Based on this chapter's analysis of the six tool prompts, here are recommendations readers can directly apply when designing their own tool prompts:

  1. Build a traffic routing table for "universal tools." If your tool set contains a tool with extremely broad functional coverage (like Bash, a generic API caller), place a "scenario -> specialized tool" mapping table at the very front of its description. Simultaneously declare exclusivity in each specialized tool. This bidirectional closed loop is the most effective means of preventing the model from over-relying on a single tool.

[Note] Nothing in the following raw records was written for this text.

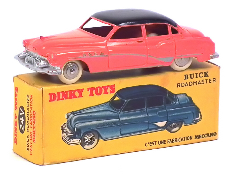 DINKY TOYS (FRANCE) 24V BUICK ROADMASTER (version avec intérieur de toit quadrillé & jantes chromées) saumon, toit noir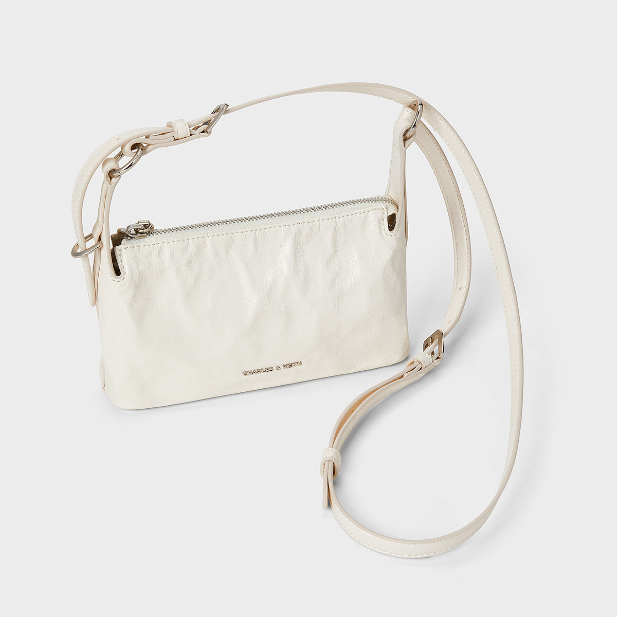 天猫CHARLES&KEITH春夏女包CK2-80160183褶皱油蜡皮单肩腋下小方包女
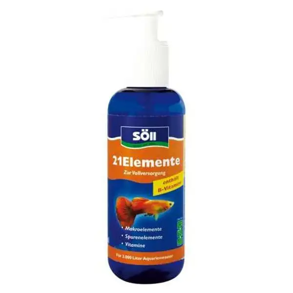 Dosierung: Geben Sie alle 7 Tage 7,5 ml (3 Hübe) Söll 21Elemente pro 100 Liter in das Aquarienwasser. Vor Gebrauch schütteln.

  2. Enforce preconditions between tools. When tool B's correctness depends on tool A being called first (like "must read before edit"), declare this dependency in B's prompt and enforce it with code in B's runtime. The prompt layer prevents wasted calls, the runtime layer backstops against incorrect operations -- dual-layer defense beats single-layer.

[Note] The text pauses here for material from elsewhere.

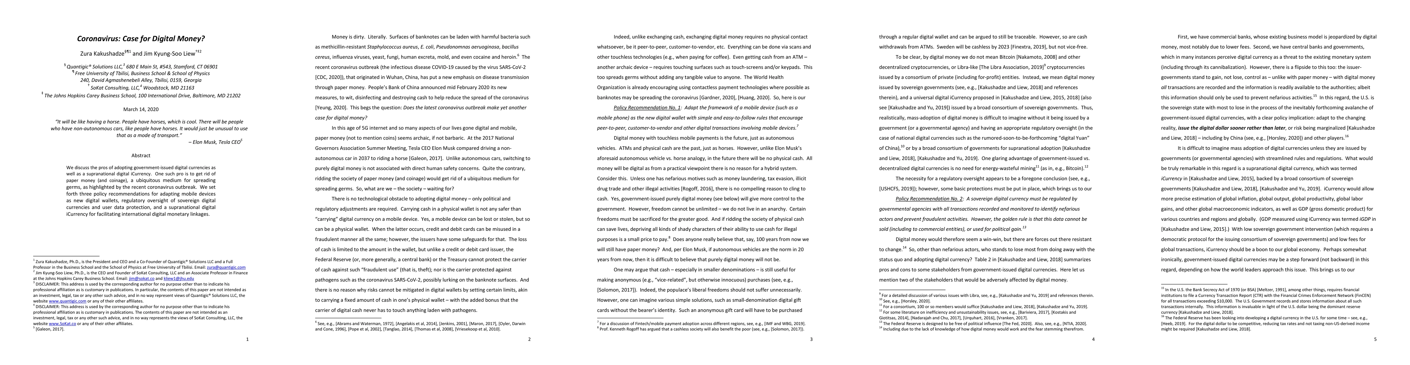 We discuss the pros of adopting government-issued digital currencies as well as a supranational digital iCurrency. One such pro is to get rid of paper money (and coinage), a ubiquitous medium for spreading germs, as highlighted by the recent coronavirus outbreak. We set forth three policy recommendations for adapting mobile devices as new digital wallets, regulatory oversight of sovereign digital currencies and user data protection, and a supranational digital iCurrency for facilitating international digital monetary linkages.

  3. Inline security policies as JSON into prompts. If the model needs to "understand" its permission boundaries (accessible paths, connectable hosts, etc.), inject the complete policy rule set in a structured format into the prompt. This lets the model self-check compliance during generation, rather than relying on runtime rejection followed by retry.

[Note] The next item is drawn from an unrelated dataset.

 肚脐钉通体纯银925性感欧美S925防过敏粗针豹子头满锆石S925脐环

  4. Set conservative defaults for high-output tools. For all tool parameters that may produce large output (search result counts, file line counts, PDF page counts), set conservative default limits. Simultaneously provide an explicit "lift limit" option (like head_limit=0), and note "use sparingly" in the prompt.

  5. Control the token cost of tool descriptions themselves. Reference SkillTool's 1% context window budget and three-level truncation strategy. As your tool set grows, the total token overhead of tool descriptions also grows. Allocate a fixed budget for tool descriptions, prioritize preserving core tool completeness, and progressively degrade edge tools.

  6. Use dynamic conditions to control capability declarations. Don't declare capabilities in the prompt that the runtime may not always deliver. Reference FileReadTool's isPDFSupported() condition check -- if PDF parsing is unavailable, don't mention PDF support in the prompt. A prompt that promises what the runtime can't deliver causes the model to repeatedly attempt and fail, wasting context window.

8.11 Summary

Tool prompts are the most "grounded" layer in Claude Code's harness system. The system prompt sets the persona; tool prompts shape the actions. The prompt design of the six tools reveals a core principle: excellent tool prompts are not functional documentation but behavioral contracts. They don't just tell the model "what this tool can do," but also "under what conditions to use this tool," "how to use it safely," and "when to use a different tool."

The next chapter will ascend from the micro-level harness of individual tools to the macro-level orchestration of tool collaboration -- exploring how tools coordinate as a whole through permission systems, state passing, and concurrency control.